### DATA
******
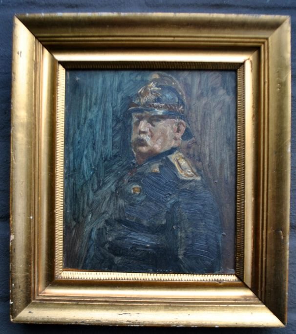 Hansen, Hans Nicolaj (1853 - 1923) Danmark: Portræt af Vicebranddirektør, kaptajn August Carlsen. Olie på pap. Værket er verso betegnet 1891. 19 x 16,5 cm.
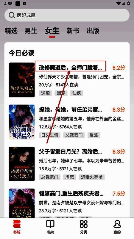 1、在本站下载安装软件后,在书城里面选择喜欢的小说进入。
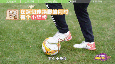 目视前方,保持身体平衡,在踩切球换脚的同时,做一个小垫步的动作。
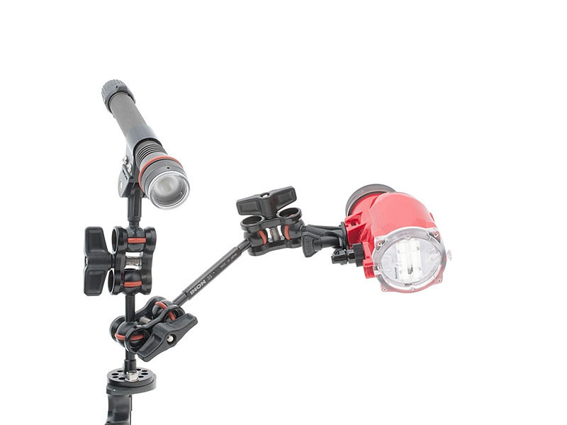 One essential component for attaching to an arm system is the Direct Base III. either directly on the Grip Base D4 or Grip Base M1 or D Holder or SD Front Mask for HERO5/6/7 or Weight Plate, or alternatively via an optional M6 Plate Direct Base III or M5 Plate Direct Base III on a housing or other base items. The Direct Base III can alternatively be connected to the Stick Arm or Multi Ball Arm in the middle using an optional M6 Joint. On a strobe, the Direct Base III is also mounted. Its metal ball-joint allows for rigid strobe positioning with just a light grip of the Clamp III.
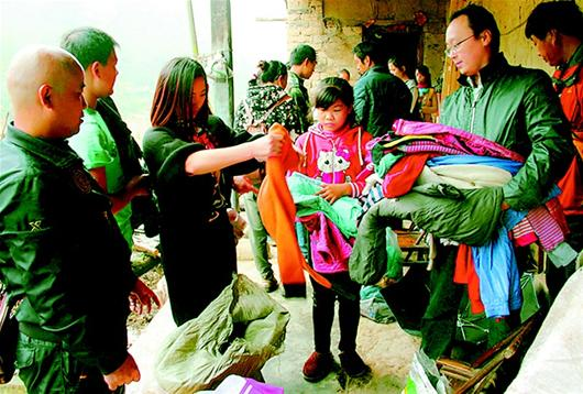 湖北日报讯 10月31日,十堰市温暖365天志愿群的25名爱心志愿者,带着市民捐赠的1000余件冬衣、棉被、棉鞋等过冬物品,来到郧阳区叶大乡的闵家村,为该村20余户贫困村民送去爱心和温暖。 (视界网 薛乐生 摄)
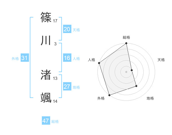 篠川 渚颯さんを姓名の画数から五運を鑑定
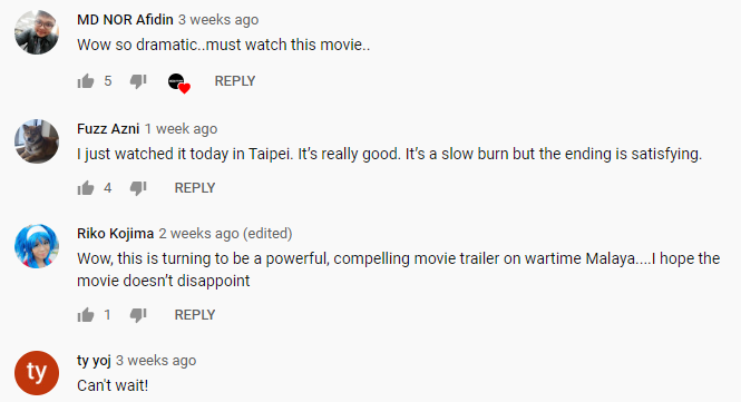"Wow, ia benar-benar hebat, trailer filem yang cukup menarik yang memaparkan zaman perang di Malaya. Saya harap filem itu nanti tidak mengecewakan," tulis sebahagian netizen di ruangan komen.
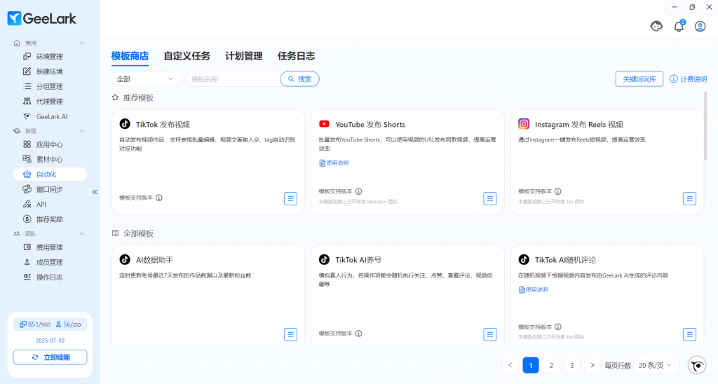 在模板商店里,我們提供由第三方開發(fā)者提供的 RPA 腳本,你可進(jìn)行更加專業(yè)的自動化功能,也可以自定義設(shè)置合適自己運營的相關(guān)任務(wù)。如果有開發(fā)能力的用戶,GeeLark 還支持 API/ADB,實現(xiàn)更精準(zhǔn)的自動化需求。
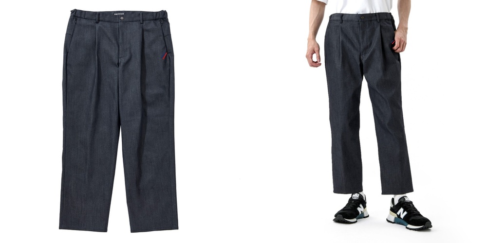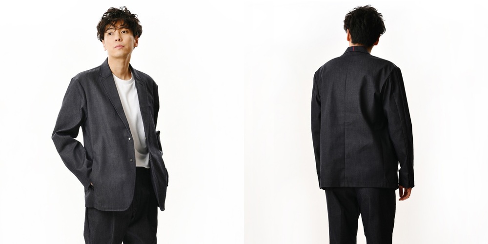 Das größte Merkmal ist, dass die Farbe nicht ausbleicht. Außerdem verfügt es über Stretch-Eigenschaften und eine wasserabweisende Beschichtung, ist zu 100 % aus Funktionsfaser gefertigt und hat dennoch eine Farbe, die dem echten Denim sehr nahekommt, sowie eine natürliche Vintage-Optik von Baumwolle. Der Kragen ist mit blau-roter Stickerei versehen. Es kann als Set mit der gleichnamigen Jeanshose mit schöner Silhouette getragen werden.
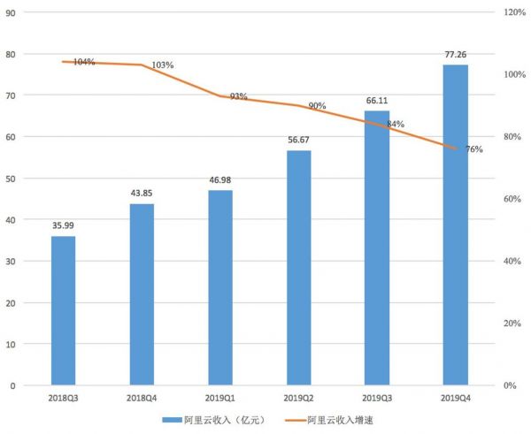 从横向比较看,云计算业务的增速也开始收缩,继上个季度出现以8为开头的增速后,本季度首次出现了以7开头的增速。增速相较去年同期的103%有明显下滑。
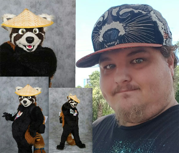 Nash the Red Panda (real name Keary "David" Durst), is a fursuiter and airbrush artist based out of Myrtle Beach, South Carolina. Born in 1983 to a military family and growing up through an era of video game console wars and the birth of the internet, he last recalls becoming a furry at the age of 15 after being introduced to the Roleplaying community of Furcadia. Nash was always an artist and doodled drawings throughout college while pursuing work in the Aviation Industry. Unfortunately a worldly circumstance made it hard to find work and that's when he took residence in South Carolina to airbrush. Eventually Nash moved on to other companies. Now he makes his living doing custom artwork for furries and non-furries alike. He travels the contiguous 48 states, mostly along the east coast, for his career. As a professional artist, his work is featured at fairs and events around the country. More recently, he has become a unique addition to the convention dealer's space, hocking his trade as an airbrush artist for furry fans and characters!
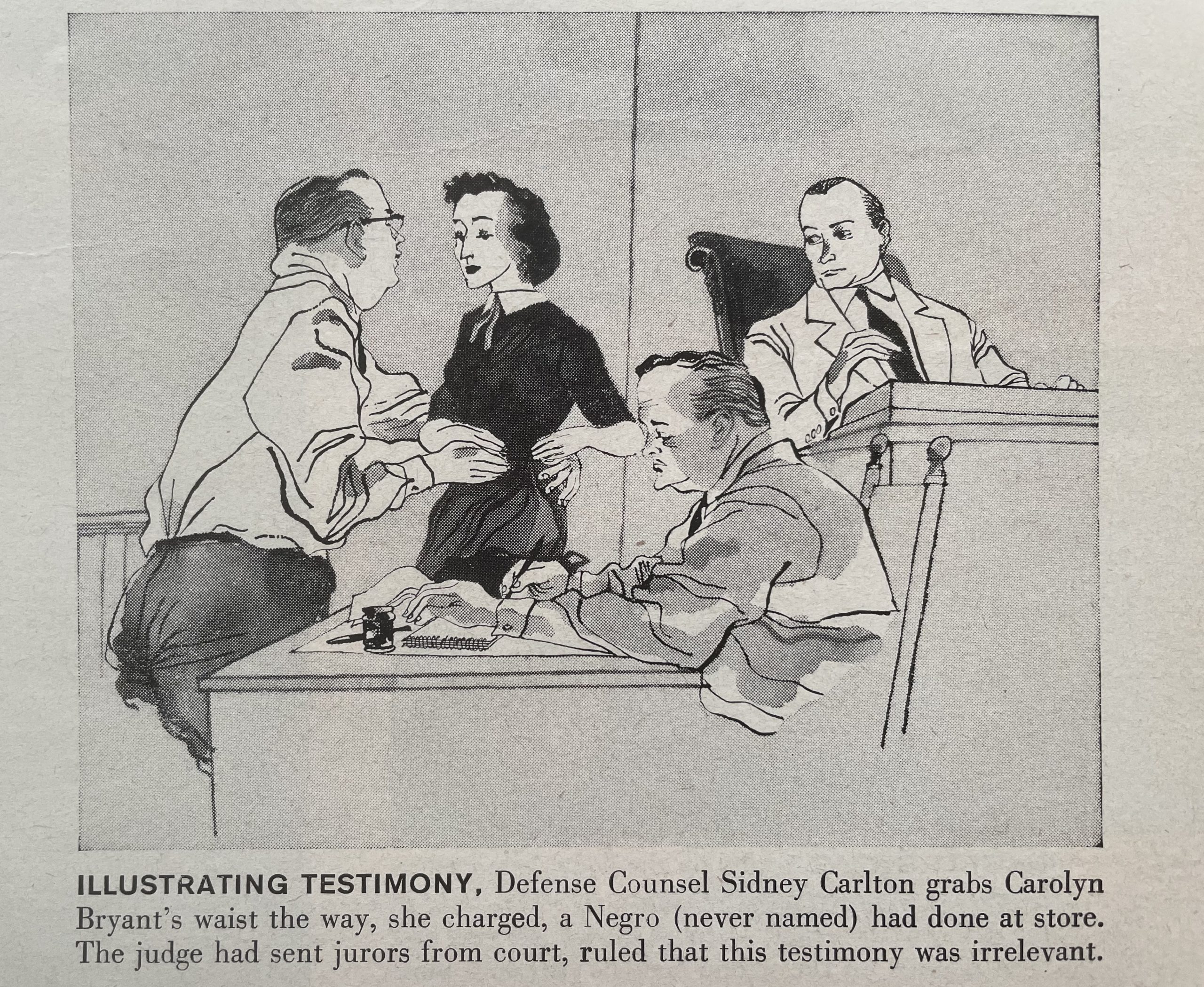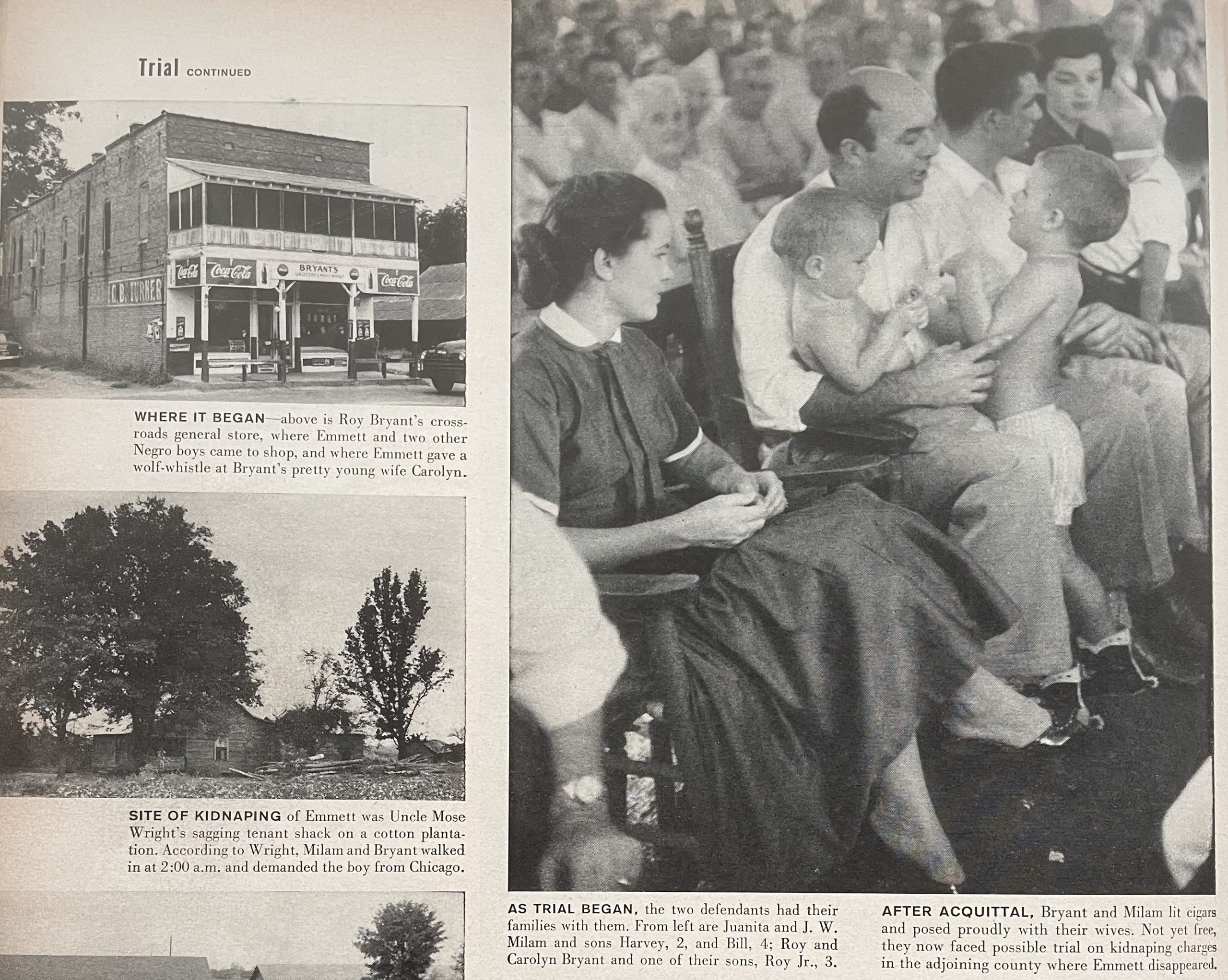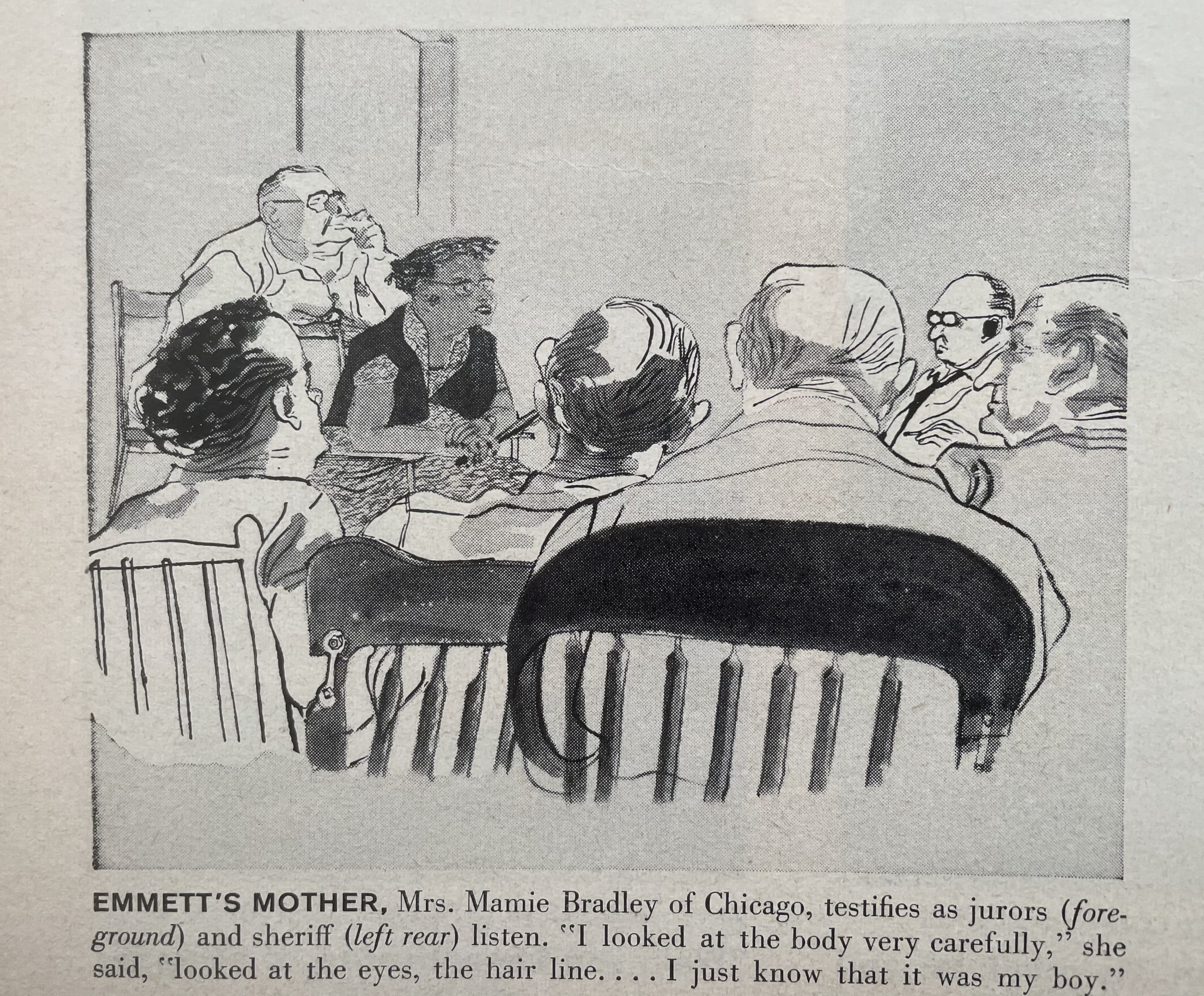 Life, October 3, 1955 : Reportage drawings by Franklin McMahon from the Emmett Till trial in Sumner, Mississippi. The 14-year-old Till had been lynched and murdered; two white defendants were acquitted after a short deliberation. With photography banned, McMahon’s sketches document witnesses, jury, and the courtroom scene. Months later, the acquitted men openly admitted their crime in a magazine interview.
******
### WHAT TO PRODUCE
Only the lines from the first line of the data above through the line with "目视前方,保持身体平衡,在踩切球换脚的同时,做一个小垫步的动作。" should appear in the answer, retyped exactly, with every picture left out.

### SOLUTION TO THIS PROBLEM
 Hansen, Hans Nicolaj (1853 - 1923) Danmark: Portræt af Vicebranddirektør, kaptajn August Carlsen. Olie på pap. Værket er verso betegnet 1891. 19 x 16,5 cm.
 1、在本站下载安装软件后,在书城里面选择喜欢的小说进入。
 目视前方,保持身体平衡,在踩切球换脚的同时,做一个小垫步的动作。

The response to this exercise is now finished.